It's COMPlicated – Is the Bargain Still Grand?

                               

Everyone agrees that workers’ compensation is too complicated.  But one aspect of it rises above others on the complicated scale – permanent partial disability benefits.       

The difficulty of finding the right balance for permanent partial disability benefits is at the heart of the differences among approaches, and it started with the grand bargain itself.   

The grand bargain means that benefits for workers’ compensation claims aren’t determined like claims based on the negligence of another party.  Workers’ compensation entitles workers to benefits if their injury happened in the course and scope of their employment, even if the injury didn’t result from anyone’s negligence.  It’s a tradeoff: benefits are available for all work-related injuries, but they’re not as large as they would be if the employer’s negligence had caused the injury.  The question for which no universal answer exists is, what’s a fair trade-off for injured workers between what they gave up and what they gained? 

If you looked for answers in state statutes, you’d find overwhelming the permutations in permanent partial benefits.  My state studied the differences in 2011 for only eleven states, and the report was thirty-two pages long.  This year, the table on permanent partial disability in the joint publication of WCRI and the IAIABC on workers’ compensation laws was only six pages, but the print was very small.   

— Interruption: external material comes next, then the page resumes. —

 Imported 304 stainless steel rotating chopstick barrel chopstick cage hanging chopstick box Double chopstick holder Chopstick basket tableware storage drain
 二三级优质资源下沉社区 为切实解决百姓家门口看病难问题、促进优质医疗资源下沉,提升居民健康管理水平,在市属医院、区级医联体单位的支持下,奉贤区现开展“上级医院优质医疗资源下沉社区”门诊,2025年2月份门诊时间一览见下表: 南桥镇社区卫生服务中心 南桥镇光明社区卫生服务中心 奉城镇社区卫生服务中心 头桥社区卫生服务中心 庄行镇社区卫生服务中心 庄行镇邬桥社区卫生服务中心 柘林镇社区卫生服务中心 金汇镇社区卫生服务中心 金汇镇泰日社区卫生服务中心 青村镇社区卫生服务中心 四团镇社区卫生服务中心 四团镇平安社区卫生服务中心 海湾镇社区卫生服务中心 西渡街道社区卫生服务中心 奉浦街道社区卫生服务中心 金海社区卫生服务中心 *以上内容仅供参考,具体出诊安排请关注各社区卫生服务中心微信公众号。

Among the differences among states were: 

Basis of Benefits.  Many states base certain permanent partial disability benefits on the injured worker’s impairment.  Most of them use the AMA Guides to the Evaluation of Permanent Impairment to measure the impairment.  However, six hardbound editions are published, and beginning in 2021, the first of what will be annual virtual updates became available.  Currently, states only use the third, fourth, fifth, sixth, sixth 2021, and sixth 2022.   Impairment ratings for the same condition are different in each edition, which brings up the question of, which is the right one to use?  

The impact of the choice of edition is significant enough that a Kansas Court of Appeals opined in Howard Johnson v. U.S. Food Service (Kansas Court of Appeals No. 117,725; August 3, 2018) that Kansas’s move from the fourth edition of the guides to the sixth edition was unconstitutional.  The opinion stated, “(T)he gradual erosion of the fair exchange between rights under the Act and common-law rights to tort recovery have, for the injured worker, amounted to death by a thousand paper cuts.  What is the last slice that tips the balance from a fair exchange of rights and remedies to one that is unconstitutionally inadequate from the injured worker's point of view?” 

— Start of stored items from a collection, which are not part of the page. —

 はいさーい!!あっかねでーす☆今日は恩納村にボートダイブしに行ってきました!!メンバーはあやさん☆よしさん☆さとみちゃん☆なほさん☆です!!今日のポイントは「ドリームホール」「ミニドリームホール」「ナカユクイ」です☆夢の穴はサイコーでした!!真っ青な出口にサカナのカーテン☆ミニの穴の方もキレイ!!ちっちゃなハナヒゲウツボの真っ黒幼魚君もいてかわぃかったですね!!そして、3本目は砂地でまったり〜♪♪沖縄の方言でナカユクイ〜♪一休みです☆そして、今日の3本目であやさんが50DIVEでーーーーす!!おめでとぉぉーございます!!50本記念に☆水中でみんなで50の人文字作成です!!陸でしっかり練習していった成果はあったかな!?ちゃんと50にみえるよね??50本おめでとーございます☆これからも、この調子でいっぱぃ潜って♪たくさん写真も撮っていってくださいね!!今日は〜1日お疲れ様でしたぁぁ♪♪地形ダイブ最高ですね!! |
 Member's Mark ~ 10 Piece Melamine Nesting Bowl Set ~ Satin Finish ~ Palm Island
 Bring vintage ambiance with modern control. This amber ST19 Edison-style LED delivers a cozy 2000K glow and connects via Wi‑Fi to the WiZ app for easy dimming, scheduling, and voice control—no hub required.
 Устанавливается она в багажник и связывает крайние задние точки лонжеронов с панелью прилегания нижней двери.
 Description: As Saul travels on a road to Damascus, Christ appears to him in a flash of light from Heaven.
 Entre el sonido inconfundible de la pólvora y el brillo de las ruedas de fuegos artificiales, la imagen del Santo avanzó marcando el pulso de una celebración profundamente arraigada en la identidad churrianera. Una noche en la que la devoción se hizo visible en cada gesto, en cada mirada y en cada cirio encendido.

The Supreme Court of Kansas later overturned.  But the question of what constitutes the appropriate quid pro quo lingers.  It’s interesting to note that the correctness of the editions wasn’t a prime consideration in the appeals court’s analysis, but the disparate impact of the two editions on the amount of compensation an injured worker would receive was.  If the goal is a fair exchange between a no-fault system and a tort system, shouldn’t a correct assessment of the impairment or disability of the injured worker be pertinent? 

Increased benefits. Basing benefits on impairment doesn’t end the options.  Some states provide benefits if the injured worker doesn’t lose income and has returned to work; others don’t.   Others start the calculation of benefits with the impairment rating and increase it based on factors such as age, education, and lack of transferable skills, when injured workers are unable to return to meaningful employment.   

Nonscheduled or scheduled.  Some states use the impairment on nonscheduled injuries (“body as a whole”) and not on scheduled injuries, which could be a lengthy list of injuries such as “one arm and the other hand” or “one eye and a foot.”  Other states treat all injuries as nonscheduled injuries.  

Earning capacity. Still other states base permanent partial disability benefit on loss of earning capacity.  This requires a forecast of the future or loss of actual wages, which can lead to litigation, as the parties may disagree on the true loss.   

Truly, a 1,000-piece jigsaw puzzle might be easier to put together than a coherent picture of permanent partial benefits in this country under workers’ compensation. 

It’s hardly surprising that questions have arisen about whether permanent partial disability benefits have veered away from the initial goal: offering just, timely compensation for injuries that occur in the course and scope of employment and enabling employees to return to their jobs and normal lives, uninterrupted by contentious litigation.   

What would it take to determine a simple but fair method of determining benefits in keeping with the grand bargain?